With a 20% countywide pediatric asthma rate,1 Fresno, California, is the first U.S. community to test a health care funding strategy that could both reduce treatment costs and provide a financial incentive to investors.2 Based on growing national interest in social impact bonds (SIBs), experimental financing mechanisms to help tackle social issues, Fresno’s proposed health impact bond (HIB) would step in where governments often do not, by supporting efforts to reduce emergency department visits and hospital stays related to asthma.
As part of a pilot program, 200 local children with moderate to severe asthma will begin preventive care early in 2013. The children were chosen based on their asthma diagnosis as well as their related expenses based on medical claims data from MediCal (California’s Medicaid program)—the researchers are able to match each child’s diagnosis and treatment costs, giving them a clear idea of savings that could come at least in part from preventive care.
“Some of these children go to the emergency department almost every week,” says Rick Brush, founder and chief executive officer of Connecticut-based social enterprise Collective Health, which is overseeing the project. He says the focus in this pilot phase is on children who average 1.5 emergency department visits per year and end up staying in the hospital about half the time.
“The bond would pay for in-home interventions we know through numerous scientific studies improve patient health and lower the cost of care,” says Tony Iton, senior vice president for healthy communities at The California Endowment, a private health foundation. Iton says The California Endowment is spending $1.1 million to kick off Fresno’s HIB project.
Community health workers will visit the children’s homes, assess indoor triggers for asthma, and implement solutions that could include cleaning or replacing carpets, monitoring medication compliance, suggesting changes in behavior (for instance, not smoking around children), and removing dust, mold, and pests. The workers will follow up with monthly phone calls and quarterly home visits to provide further assistance and help ensure compliance with recommended practices. After a year the original claims data will be compared with the number of emergency department visits and hospitalizations as well as treatment costs after intervention.

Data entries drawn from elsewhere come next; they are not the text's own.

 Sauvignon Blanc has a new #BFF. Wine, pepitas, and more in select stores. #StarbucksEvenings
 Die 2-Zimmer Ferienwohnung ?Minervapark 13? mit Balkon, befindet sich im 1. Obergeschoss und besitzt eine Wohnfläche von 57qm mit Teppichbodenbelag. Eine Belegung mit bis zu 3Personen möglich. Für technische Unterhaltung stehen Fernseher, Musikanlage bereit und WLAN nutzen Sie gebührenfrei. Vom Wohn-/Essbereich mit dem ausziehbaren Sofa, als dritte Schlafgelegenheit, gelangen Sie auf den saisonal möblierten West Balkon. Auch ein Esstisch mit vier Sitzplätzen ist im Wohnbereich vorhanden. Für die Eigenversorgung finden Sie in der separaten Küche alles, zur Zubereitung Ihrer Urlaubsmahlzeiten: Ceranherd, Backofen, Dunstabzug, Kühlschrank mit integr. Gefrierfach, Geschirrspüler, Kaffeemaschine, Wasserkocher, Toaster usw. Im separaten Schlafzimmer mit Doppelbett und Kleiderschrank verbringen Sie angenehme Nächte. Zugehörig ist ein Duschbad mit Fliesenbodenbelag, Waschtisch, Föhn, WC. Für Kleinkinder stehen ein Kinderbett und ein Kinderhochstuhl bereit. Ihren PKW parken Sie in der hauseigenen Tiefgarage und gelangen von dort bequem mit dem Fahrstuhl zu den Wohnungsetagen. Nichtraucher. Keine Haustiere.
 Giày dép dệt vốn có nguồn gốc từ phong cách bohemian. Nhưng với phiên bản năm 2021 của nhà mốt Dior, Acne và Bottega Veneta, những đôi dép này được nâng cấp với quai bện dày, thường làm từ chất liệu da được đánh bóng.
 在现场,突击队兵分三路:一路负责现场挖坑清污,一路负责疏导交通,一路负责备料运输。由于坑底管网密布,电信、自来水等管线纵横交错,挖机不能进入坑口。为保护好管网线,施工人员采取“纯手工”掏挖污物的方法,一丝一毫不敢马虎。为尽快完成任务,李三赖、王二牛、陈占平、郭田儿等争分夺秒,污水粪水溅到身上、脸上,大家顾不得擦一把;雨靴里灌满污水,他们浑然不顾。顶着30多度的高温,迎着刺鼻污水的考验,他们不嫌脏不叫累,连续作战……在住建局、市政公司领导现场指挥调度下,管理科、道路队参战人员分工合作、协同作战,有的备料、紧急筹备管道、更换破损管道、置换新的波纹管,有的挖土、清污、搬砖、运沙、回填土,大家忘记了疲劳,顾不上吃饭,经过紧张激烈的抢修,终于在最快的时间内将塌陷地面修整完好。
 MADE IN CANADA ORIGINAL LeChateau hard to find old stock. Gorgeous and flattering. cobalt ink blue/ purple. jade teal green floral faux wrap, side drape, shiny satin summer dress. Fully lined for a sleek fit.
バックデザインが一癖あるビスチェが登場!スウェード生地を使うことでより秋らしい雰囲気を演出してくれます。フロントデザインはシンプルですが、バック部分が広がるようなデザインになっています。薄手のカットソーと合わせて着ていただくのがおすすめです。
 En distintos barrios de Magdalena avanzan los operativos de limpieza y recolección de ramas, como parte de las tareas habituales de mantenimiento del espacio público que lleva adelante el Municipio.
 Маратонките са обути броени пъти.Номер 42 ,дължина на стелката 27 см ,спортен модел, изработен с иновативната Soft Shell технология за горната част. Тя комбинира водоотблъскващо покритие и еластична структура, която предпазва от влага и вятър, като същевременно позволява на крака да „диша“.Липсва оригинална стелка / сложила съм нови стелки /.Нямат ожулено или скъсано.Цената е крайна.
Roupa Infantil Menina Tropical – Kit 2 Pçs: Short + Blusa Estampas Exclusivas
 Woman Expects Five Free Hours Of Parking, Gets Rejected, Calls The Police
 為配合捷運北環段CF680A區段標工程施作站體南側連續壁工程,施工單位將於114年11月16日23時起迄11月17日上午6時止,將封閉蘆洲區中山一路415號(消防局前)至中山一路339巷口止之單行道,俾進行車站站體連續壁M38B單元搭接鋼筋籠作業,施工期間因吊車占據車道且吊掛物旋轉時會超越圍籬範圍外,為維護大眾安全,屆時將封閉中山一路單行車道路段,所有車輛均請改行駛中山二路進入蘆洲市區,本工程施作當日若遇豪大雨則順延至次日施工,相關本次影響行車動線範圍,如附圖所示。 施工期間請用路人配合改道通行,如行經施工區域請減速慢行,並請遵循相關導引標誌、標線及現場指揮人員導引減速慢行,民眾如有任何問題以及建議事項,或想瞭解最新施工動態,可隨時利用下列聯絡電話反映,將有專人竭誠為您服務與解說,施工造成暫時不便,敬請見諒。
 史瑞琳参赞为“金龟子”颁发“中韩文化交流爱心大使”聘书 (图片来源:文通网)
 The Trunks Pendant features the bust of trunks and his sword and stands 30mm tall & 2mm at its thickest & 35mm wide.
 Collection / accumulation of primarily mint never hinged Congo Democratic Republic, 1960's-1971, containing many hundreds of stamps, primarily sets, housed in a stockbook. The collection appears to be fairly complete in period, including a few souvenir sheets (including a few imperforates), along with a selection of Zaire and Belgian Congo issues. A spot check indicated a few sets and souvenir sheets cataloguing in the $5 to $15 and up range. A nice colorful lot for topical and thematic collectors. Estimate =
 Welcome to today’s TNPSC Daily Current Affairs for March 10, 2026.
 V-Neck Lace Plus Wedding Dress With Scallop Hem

According to the California Department of Public Health, approximately 157,000 people in Fresno have asthma.3 Using cost data from California,3 Florida,4 and Indiana,5 Brush estimated that asthma-related emergency department visits and hospitalizations set Fresno patients and insurers back about $35 million per year.6 (Adding indirect costs related to lost school and work days boosts his estimate to $87 million per year, he says.) So the potential for improved health care and savings could be significant.
“We project a thirty-percent reduction in emergency department visits and fifty-percent reduction in hospitalizations, with approximate net savings of five thousand dollars per child per year after paying for the intervention,” Brush says. “The HIB is raising capital for an intervention that would not necessarily have happened otherwise. We are investing in prevention to avoid emergencies and costs that are likely to happen if we do nothing.”
If the intervention is successful, insurers will pay out far less in health care reimbursements than they would have without the intervention. Investors will be repaid by the insurers a portion of the savings realized. Savings could also be used to provide preventive care to more patients.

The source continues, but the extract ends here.